At midday, they stopped to rest beneath a rocky outcropping where there was some shade, at least. They passed around the last of the plastic jugs, in which only a scant inch or so of water remained, each taking a careful sip. When the sun had dipped below the horizon, they set out once more, Concepción urging them on despite her own exhaustion.

They were making their way up a steep ridge when she heard a sound that was like the rushing of a stream. The others heard it, too, and several people fell to their knees with cries of joy, while the more practical-minded, Concepción among them, were spurred on to scramble the rest of the way to the summit so as to more quickly reach the blessed body of water they imagined was on the other side.

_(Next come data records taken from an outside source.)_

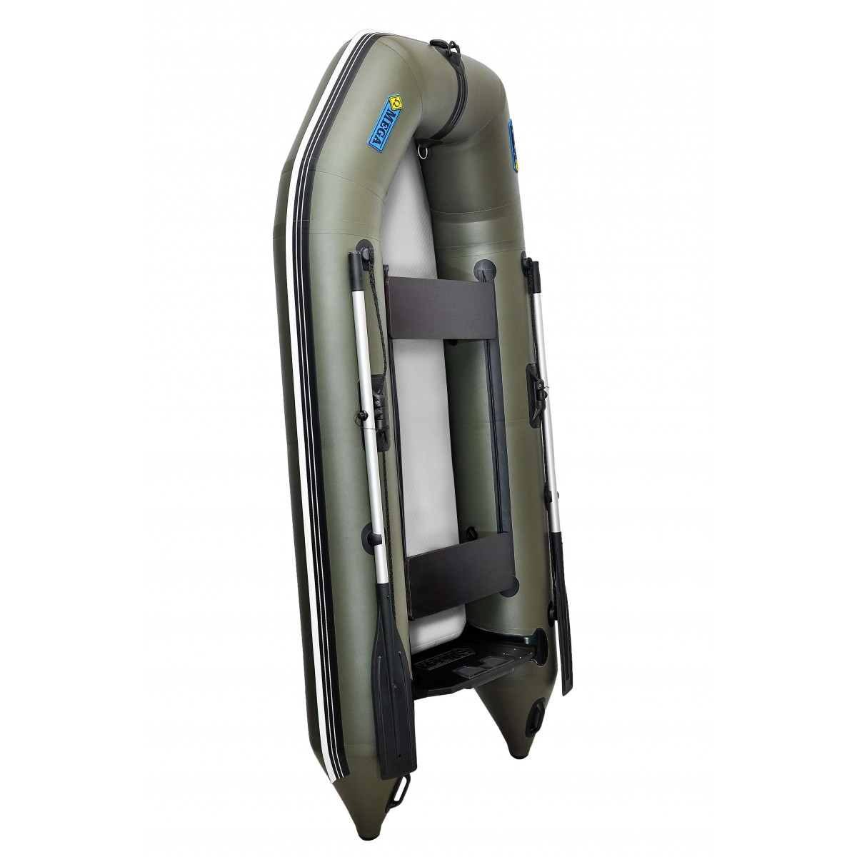 Моторний човен класичного типу. Надувний підлога ( AIR DECK). Страхувальний клапан, посилене кріплення транцем, посилені накладки низу човни, рим-ручка і якірний ролик на носі човна, леєр по периметру човна.Основні характеристики Човен Омега 260M AD (Lux)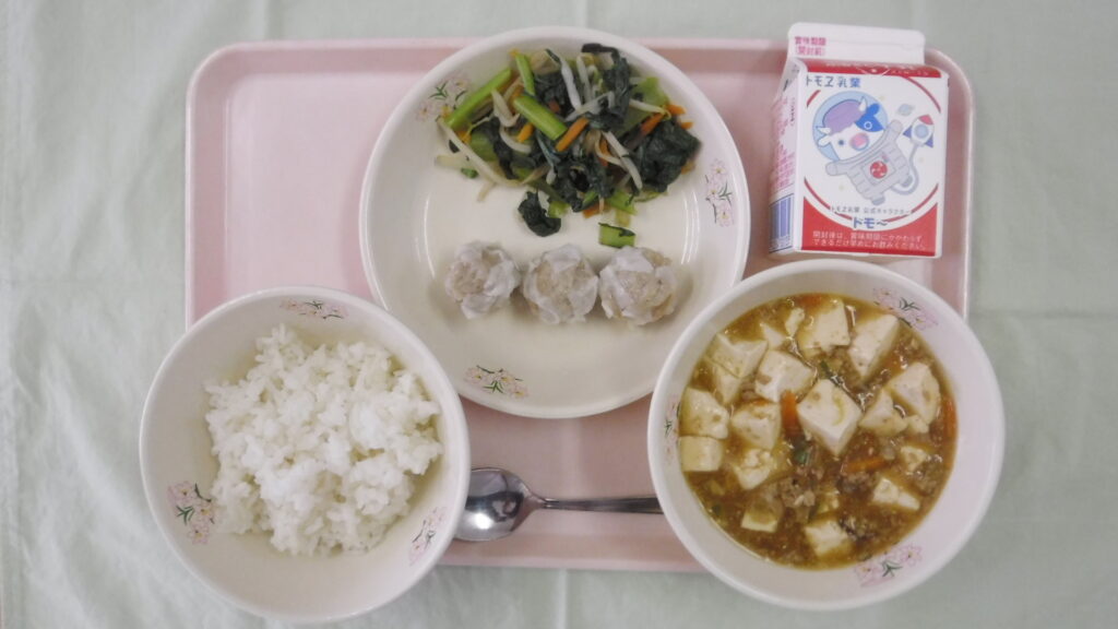 ごはん、牛乳、マーボー豆腐、しゅうまい、もやしと小松菜の炒め物です。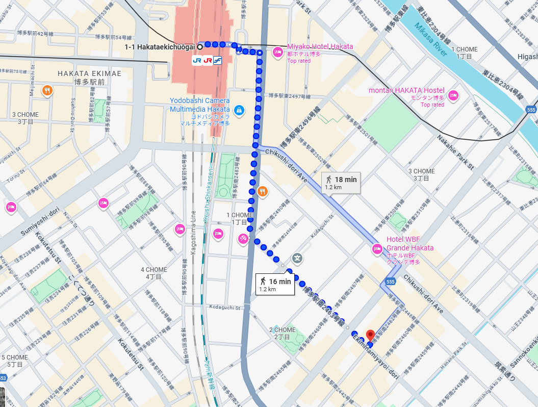 Hakata 역에서 도보로 16분 정도 걸리네요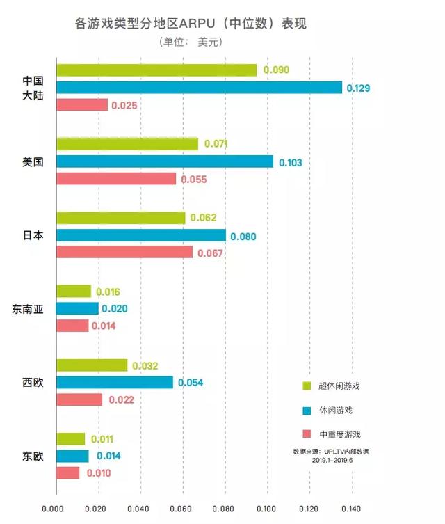 超休闲、休闲和中重度游戏在2019年上半年eCPM趋势波动大致相同,ARPU值最高的是休闲游戏,因为其广告强度高于中重度;主要依靠内购来营收中重度游戏的广告ARPU值则是最低的。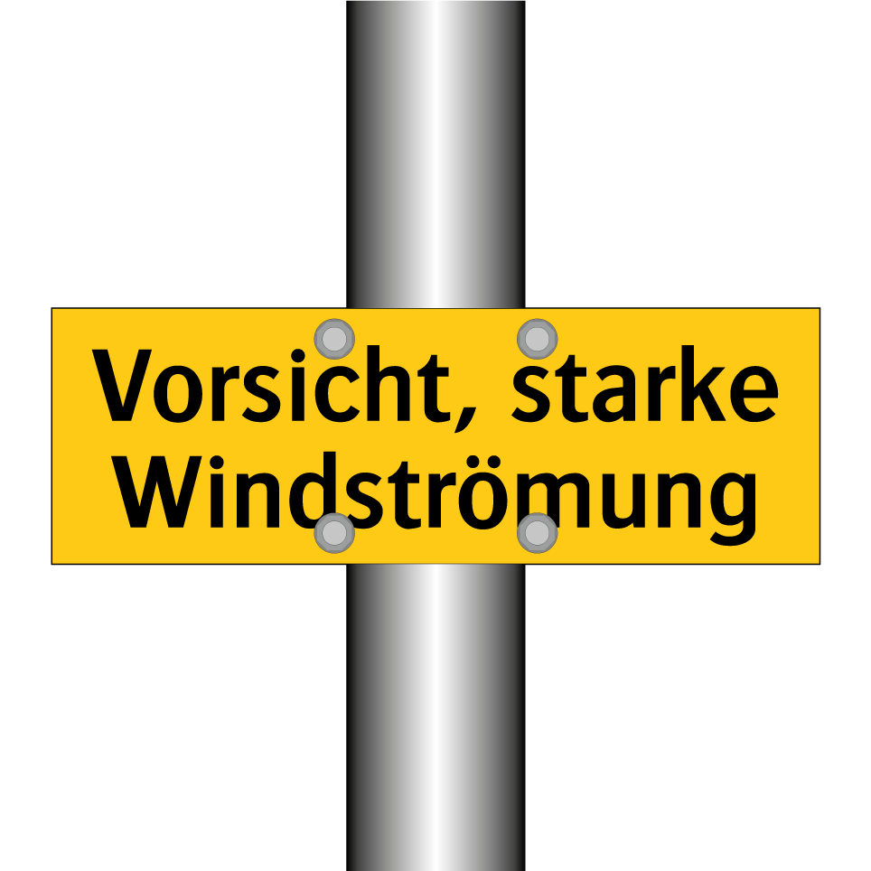Warnschild mit dem Text Vorsicht, starke Windströmung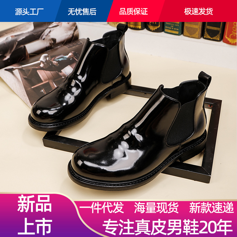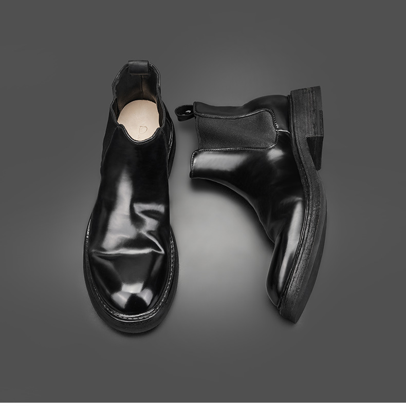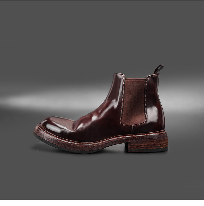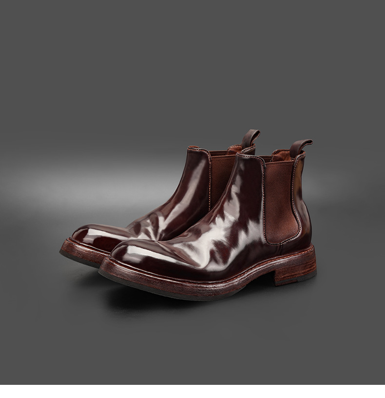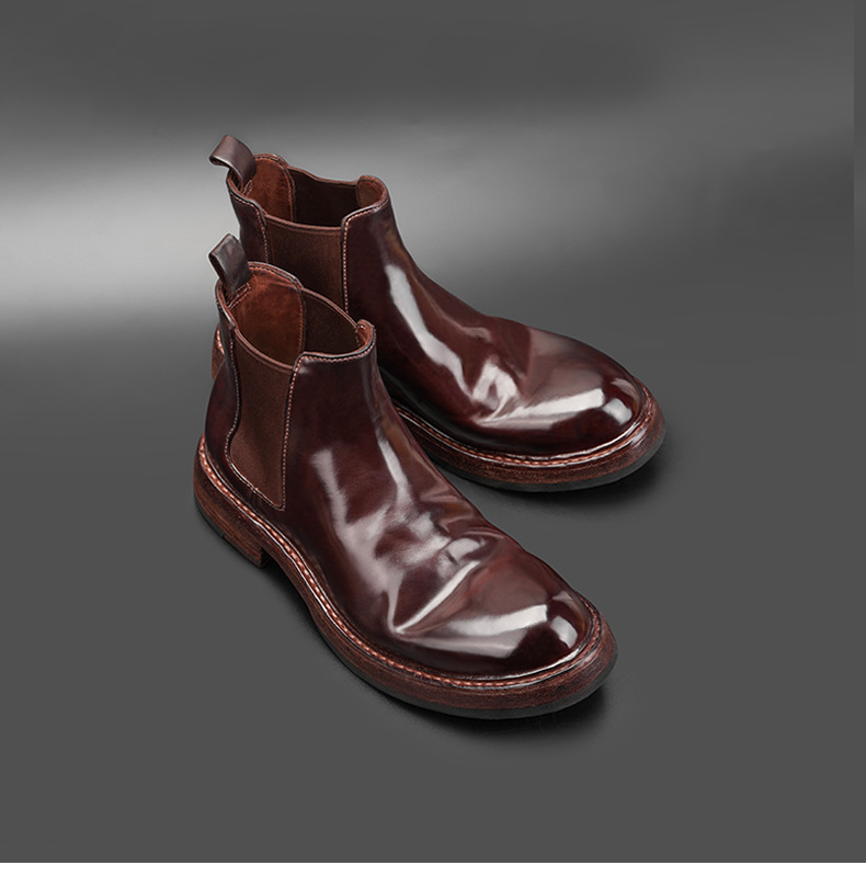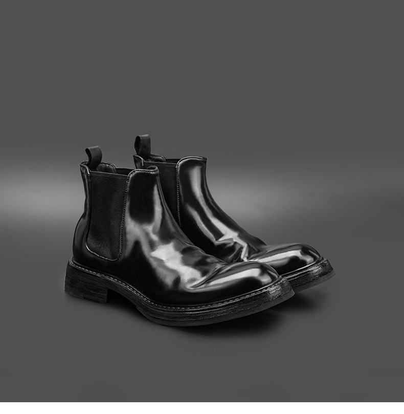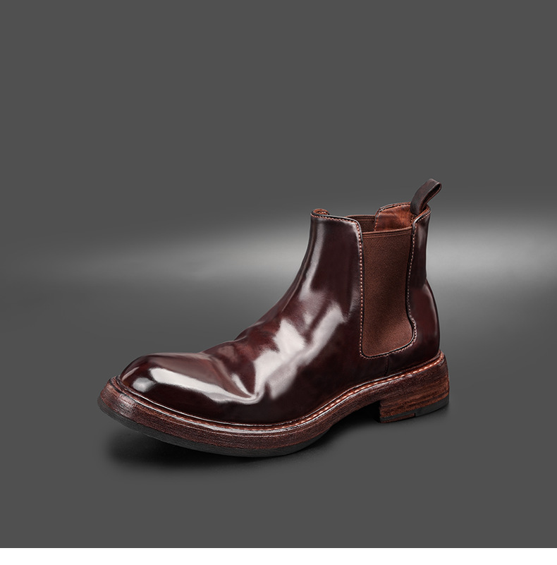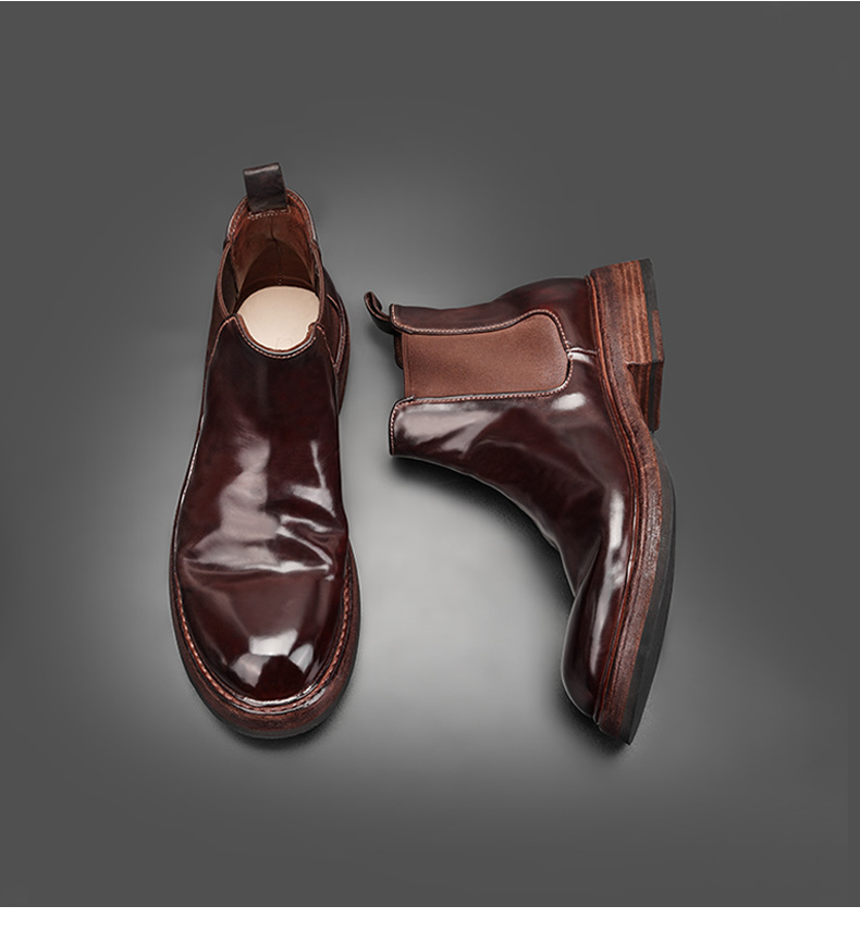 工場直販 イタリア産馬臀革を使用した高級メンズチェルシーブーツ グッドイヤーウェルト製法メンズブーツ

But when she crested the ridge, there was no stream. It was something even better: a highway. The rushing sound they'd heard was that of cars whipping along it at high speed.

Concepción sank to her knees, sending up a heartfelt prayer of thanks. The boy, Santos, went charging down the slope, staggering in his delirium and crying out hoarsely. He might have succeeded in attracting the attention of a passing motorist if Alberto Muñoz, his good sense restored, hadn't run after him and tackled him to the ground.


Cuídate!
” warned the older man. “Don't you know what will happen if they catch us?”

It was at that moment that Concepción realized the journey,
her
journey, was far from over. Having emerged from the very fires of hell, she was now faced with another, seemingly insurmountable obstacle. How was she to locate her son-in-law, Eduardo, in this strange land, when she spoke no English and didn't know her way around? Where she would constantly be at risk of being apprehended by the authorities and sent back? She contemplated this as she stumbled along by the side of the road after having parted company with the others (at the suggestion of Alberto, who'd said that they would be too conspicuous traveling in a group).